[MUD-Dev] Orthogonality and invariants

cg at ami-cg.GraySage.Edmonton.AB.CA cg at ami-cg.GraySage.Edmonton.AB.CA
Wed Apr 5 22:35:35 CEST 2000


[Miroslav Silovic <silovic at zesoi.fer.hr>:]

> 	each path of control that contains mumble(object) must
> 	contain unmumble(object) such that it executes after the
> 	object has been mumbled, and such that there is no other
> 	mumble or unmumble between it and the opening mumble.

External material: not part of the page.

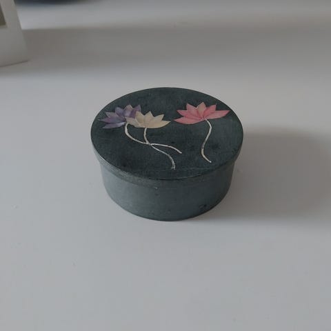 Til opbevaring af smykker, mm. Der er ingen stempel. Mål ca. 10 cm i diameter.

That isn't going to work in a MUD. One of the first 'malloc' calls that
the server will see for a new client is that of creating a client
structure for the new connection. That structure doesn't get 'free'd
until the client disconnects. If you create a thread for that client,
then you can arrange to have a nice 'createClient' and 'freeClient'
pair, but not otherwise. Now that player speaks something. That
requires that the text of that speech be sent to all other characters
nearby. That is typically done by making queue elements of that text
that are queued to the output of each nearby player, and into the
input of MUD-run NPC's. Some of those queue elements may not be
processed until after the speaking player has left the game.

> Again you can implement persistence library, one that places each
> loaded object on a list that is guaranteed to get saved before the
> process terminates.
>
> However, there is another, related issue: how to automate object
> loads? If your objects are indirected (i.e. implemented via some
> abstract reference type), you can just check for the load status each
> time you transform the reference to the actual object pointer (Cold
> and MOO do this). You can also use object pointers that point to
> write-protected pages and then load the objects from segfault handler
> (this is done by Texas Persistent Store, and despite the technical
> coolness, it's unfortunately quite slow).

IMHO a better solution is to make your in-MUD programming language be
a persistent programming language. Then the persistence is automatic,
and the scenario programmer can typically ignore it (unless they want
some things to *not* be persistent). Also, it can be done once, in
a general fashion, in the language system and the DB.


> 	for each container, the location of each object within the
> 	container must be the container itself

One could add support for this kind of invariant to the in-MUD language
itself. Not something I've tried, but I don't off hand see any problem
with doing it (other than efficiency).

> 	non-reentrant code should be protected by a mutex

Only if your server is multithreaded. Also, you normally protect data
structures (e.g. objects) with mutex's, rather than code.

--
Don't design inefficiency in - it'll happen in the implementation.